**About this task**
Write the listing out again exactly as it stands, with no images.

# # # #

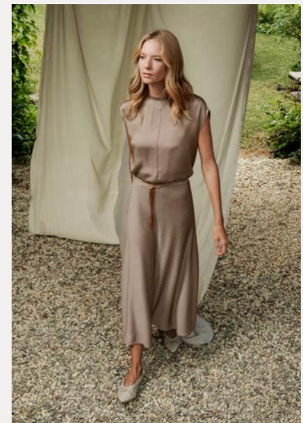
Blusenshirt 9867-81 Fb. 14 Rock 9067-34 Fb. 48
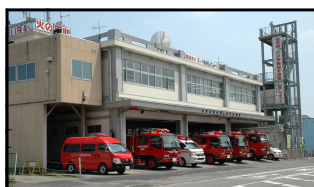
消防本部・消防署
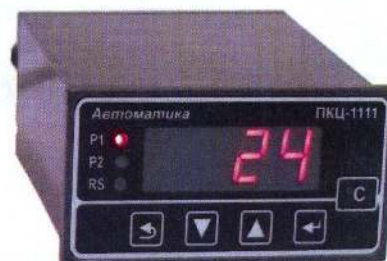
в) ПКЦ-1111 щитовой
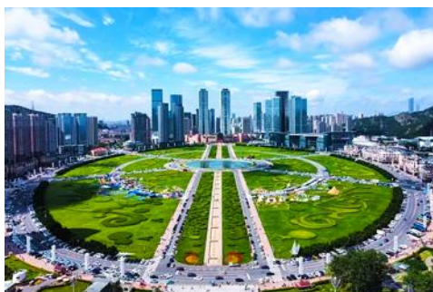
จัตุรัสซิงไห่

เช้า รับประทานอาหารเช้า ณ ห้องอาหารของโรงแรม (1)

# # # #

**Solved problem**
Blusenshirt 9867-81 Fb. 14 Rock 9067-34 Fb. 48
消防本部・消防署
в) ПКЦ-1111 щитовой
จัตุรัสซิงไห่

เช้า รับประทานอาหารเช้า ณ ห้องอาหารของโรงแรม (1)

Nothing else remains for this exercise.